◆ Work to complete
Look below for the line containing "典礼现场,副校长胡昌杰为参训" and the line containing "リバティ 巾着袋 (コップ入れ、給食袋) ハンドメイド ベッツィ サックス メルシー", then set down both and every line between them exactly, without pictures.

*** Dataset excerpts ***

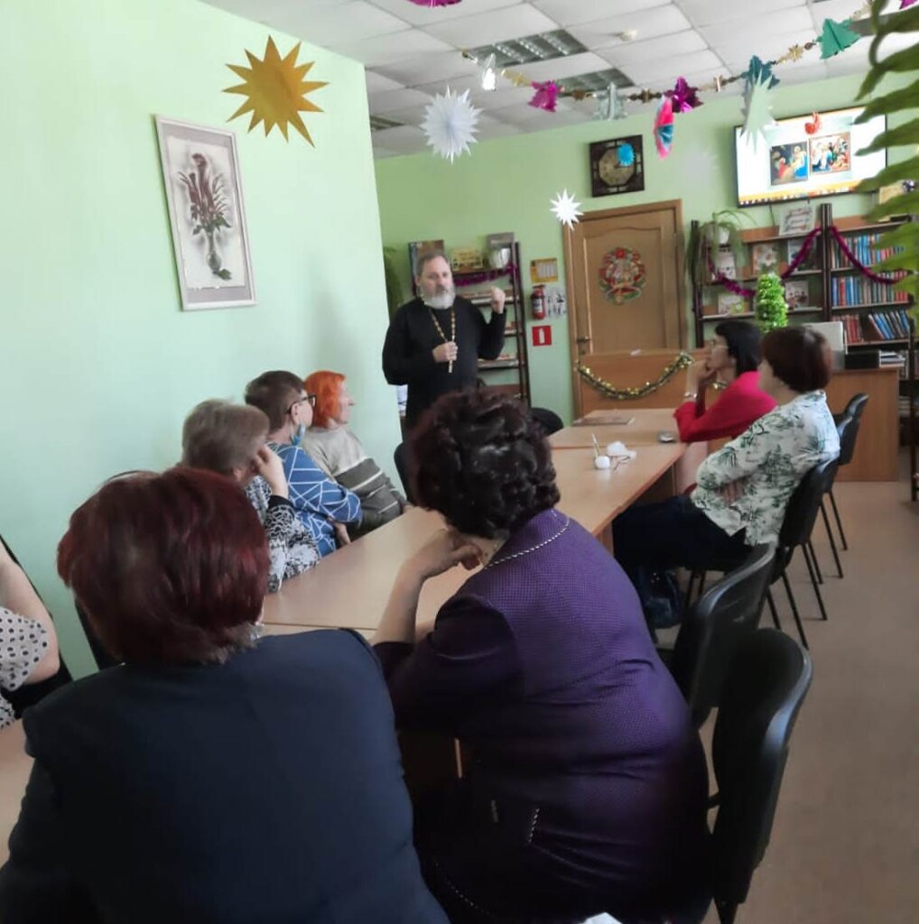 14 января настоятель храма святителя Николая Чудотворца протоиерей Андрей Колобов был приглашён на встречу с членами женского клуба «Хозяюшка». В Вяземской районной библиотеке состоялась беседа на тему: » От Рождества до Крещения».
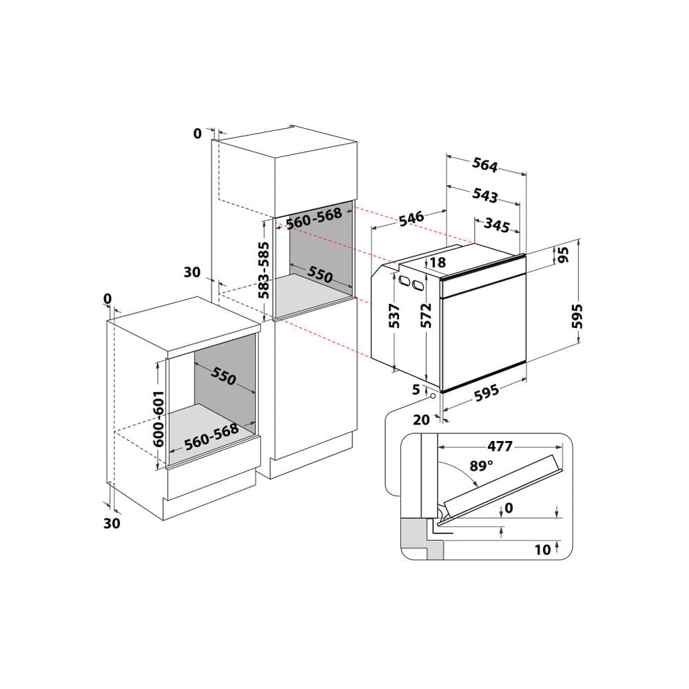 Whirlpool W7 OM5 4 H Forno da Incasso Elettrico 73L Multifunzione Inox e Nero A+
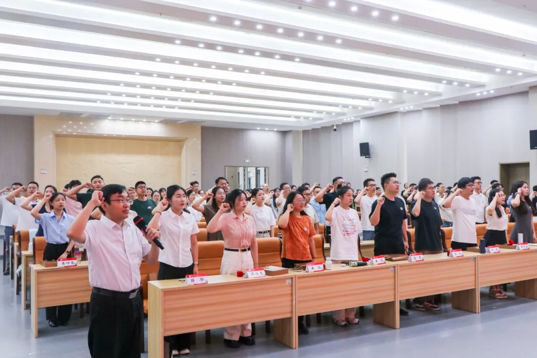 典礼现场,副校长胡昌杰为参训教师颁发校徽。随后,新入职教师们举起右拳,庄严宣誓,以铿锵誓言许下对教育事业的忠诚与担当,承诺坚守教育初心,履行教师职责,在教书育人的岗位上奋发奋进,践行“为党育人、为国育才”的崇高使命,为培养社会主义建设者和接班人贡献力量。
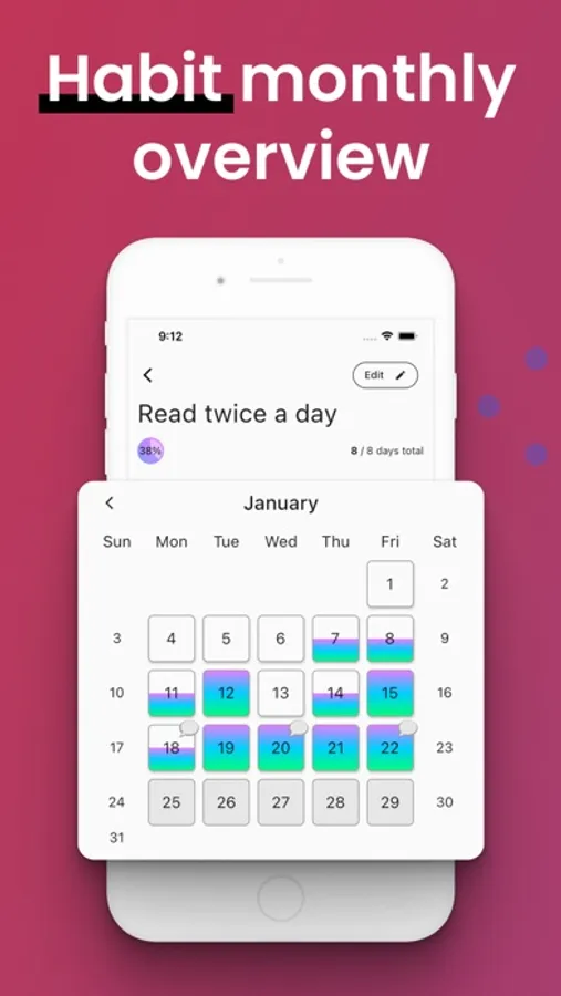 Form new daily habits for better productivity, to new life habits for better health, the possibilities are endless. Creating habits has never been easier than with our habit building app.
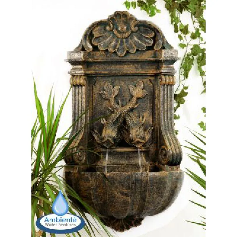 Cette jolie fontaine murale sera un ajout élégant à votre jardin. L'eau recircule et verse doucement le poisson dans le réservoir en dessous, créant une bonne ambiance.
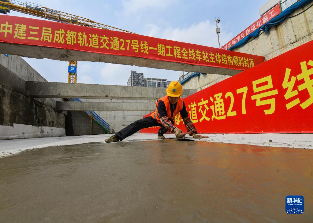 3月21日,在成都地铁27号线金府站,中建三局的施工人员在进行混凝土抹平作业。
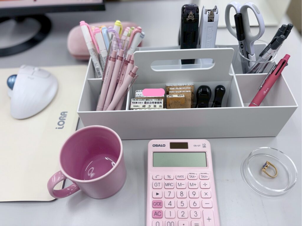 季節柄、文房具類をピンクの小物でまとめてみました。
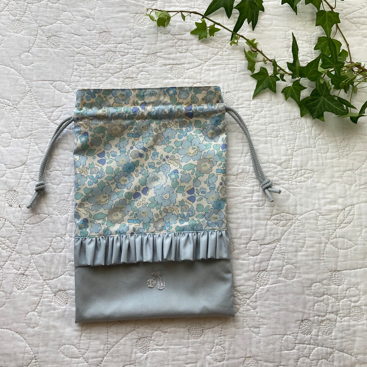 リバティ 巾着袋 (コップ入れ、給食袋) ハンドメイド ベッツィ サックス メルシー
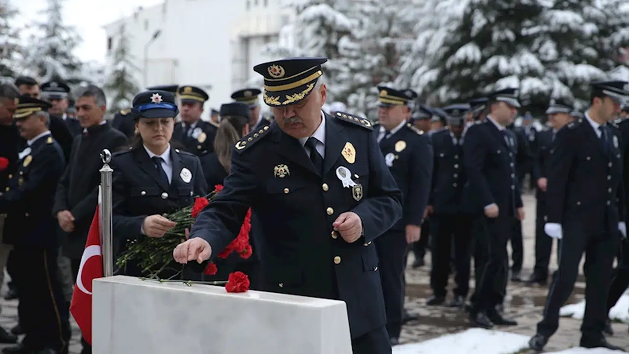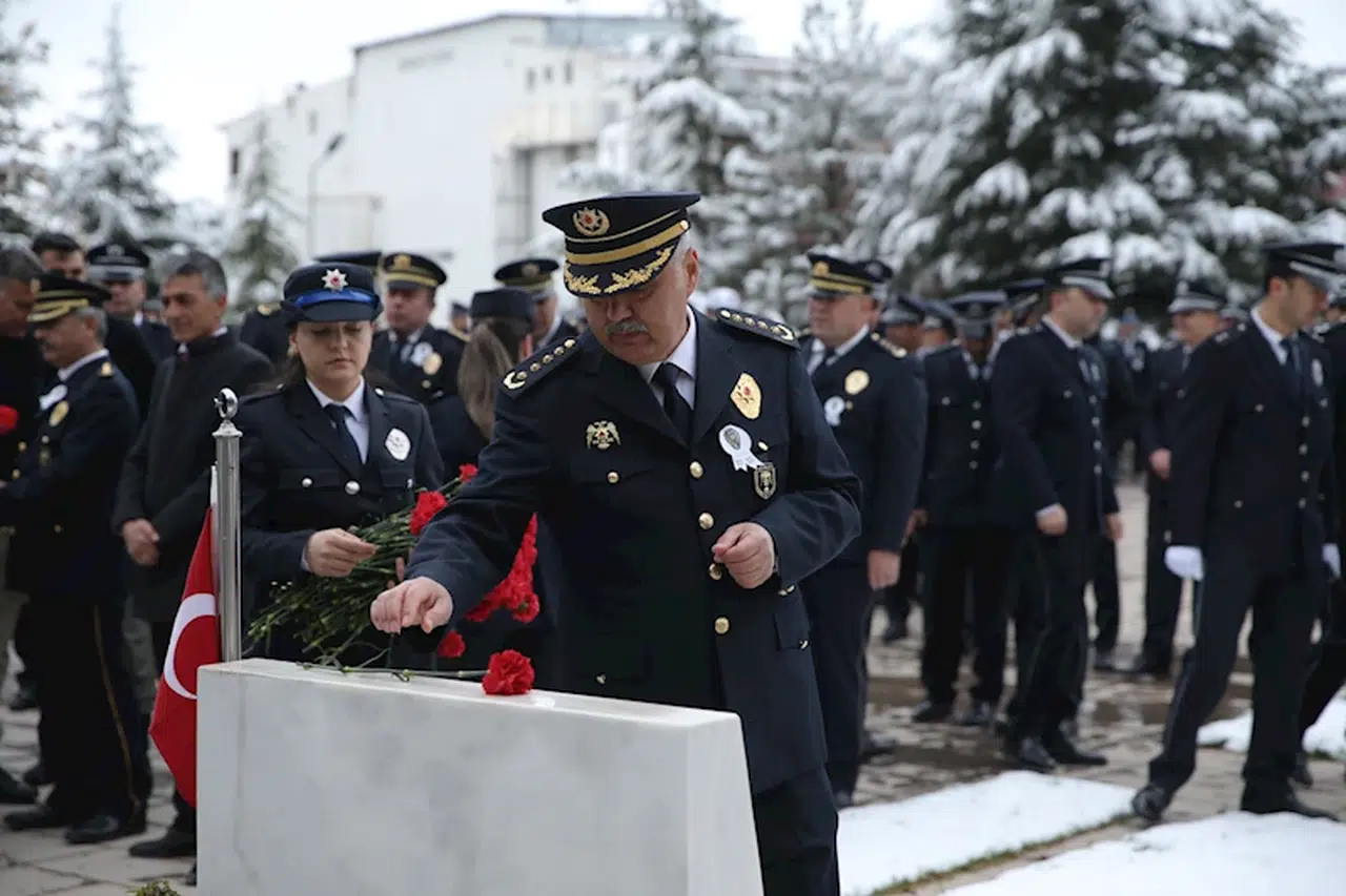 Cumhuriyet Meydanı’nda başlayan törene, İl Emniyet Müdürü Yılmaz Delen, Polis Meslek Eğitim Merkezi (POMEM) Müdürü Mehmet Kemal Arısoy, çok sayıda polis memuru, polis okulu öğrencisi ve vatandaş katıldı. Tören, İl Emniyet Müdürü Yılmaz Delen ve POMEM Müdürü Mehmet Kemal Arısoy’un Atatürk Anıtı’na çelenk sunması ile başladı. Saygı duruşu ve İstiklal Marşı’nın okunmasının ardından meydanda gerçekleştirilen resmi tören sona erdi.
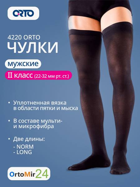ORTO compression stockings, men's compression stockings, Class 2 compression stockings, 23-32 mmHg compression stockings, varicose veins, thrombophlebitis, venous edema, post-surgical recovery, graduated compression, black compression stockings, NORM length, LONG length, medical compression stockings, compression socks for men.
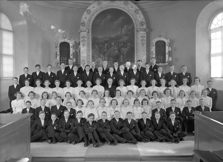 Uppgift enligt fotografen: "Uddevalla. Konfirmander. Pastor Agner."
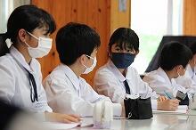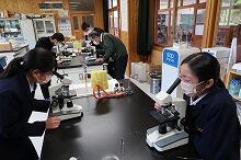 中学3年生が理科の授業でタマネギの根の先端を使い、細胞分裂のようすを観察していました。塩酸で処理をして手順どおりプレパラートを作成しましたが、目的の染色体はなかなか発見できず、苦労していました。一人一台ずつ顕微鏡を使い、一生懸命観察している子どもたちの姿がとても良かったです。
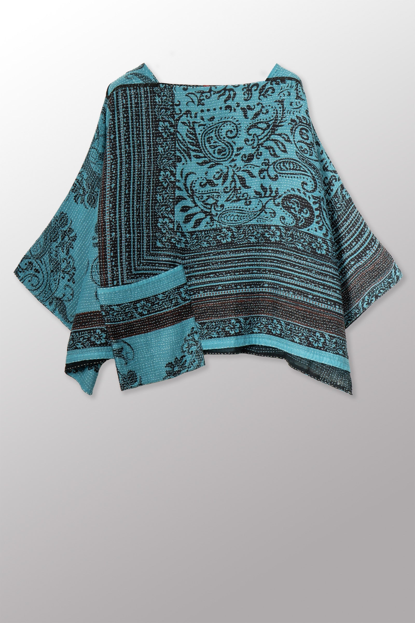 OVERDYED COTTON PAISLEY KANTHA 3/4 SLV. CROP TOP MIO - ov-cp2538-blu -
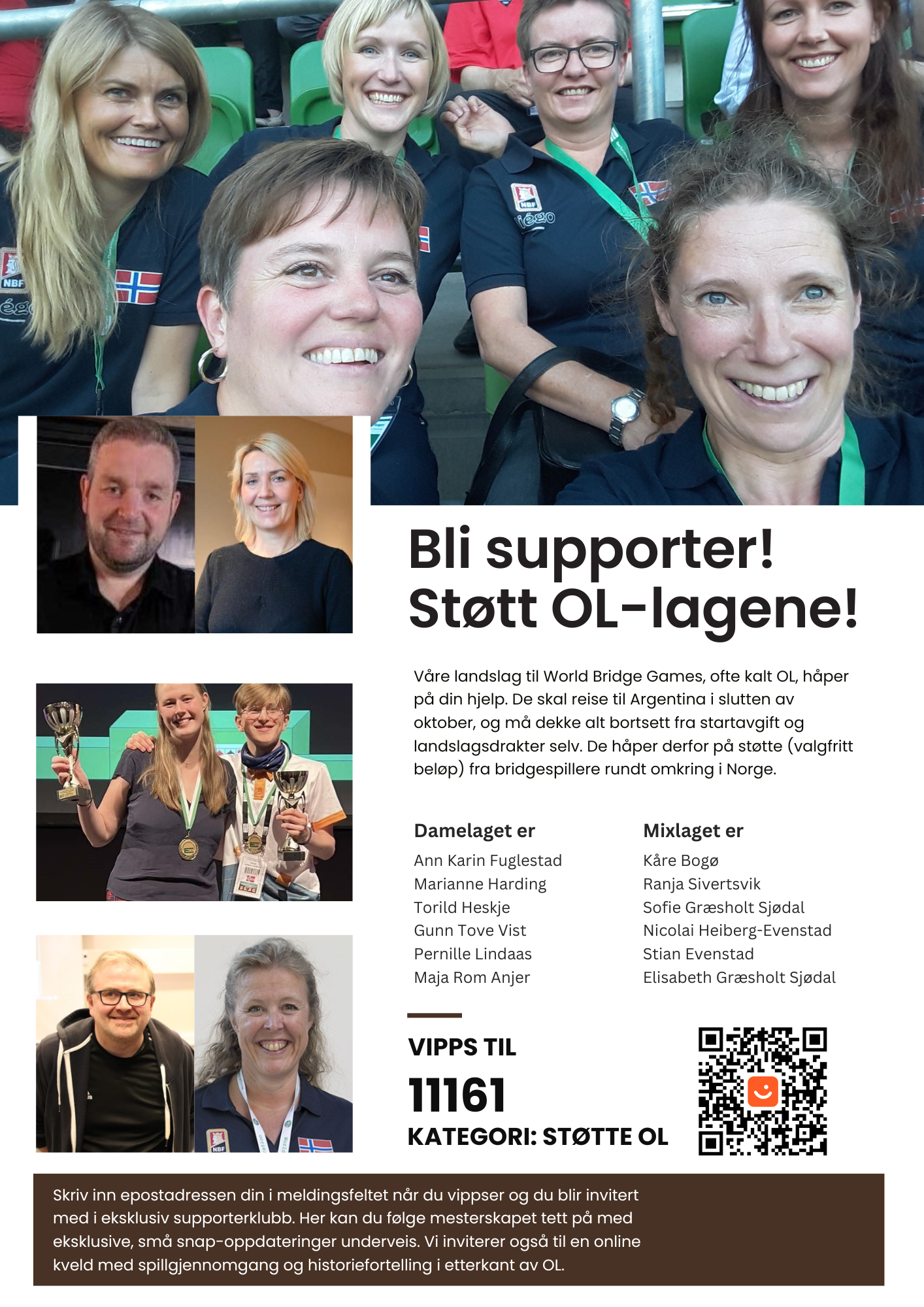 Støtten kan sendes på vipps til 11161, kategori Støtte OL. Husk å skriv inn epostadressen din når du vippser slik at vi får sendt deg invitasjon.

*** End of Dataset excerpts ***

◆ Answer to the problem
 典礼现场,副校长胡昌杰为参训教师颁发校徽。随后,新入职教师们举起右拳,庄严宣誓,以铿锵誓言许下对教育事业的忠诚与担当,承诺坚守教育初心,履行教师职责,在教书育人的岗位上奋发奋进,践行“为党育人、为国育才”的崇高使命,为培养社会主义建设者和接班人贡献力量。
 Form new daily habits for better productivity, to new life habits for better health, the possibilities are endless. Creating habits has never been easier than with our habit building app.
 Cette jolie fontaine murale sera un ajout élégant à votre jardin. L'eau recircule et verse doucement le poisson dans le réservoir en dessous, créant une bonne ambiance.
 3月21日,在成都地铁27号线金府站,中建三局的施工人员在进行混凝土抹平作业。
 季節柄、文房具類をピンクの小物でまとめてみました。
 リバティ 巾着袋 (コップ入れ、給食袋) ハンドメイド ベッツィ サックス メルシー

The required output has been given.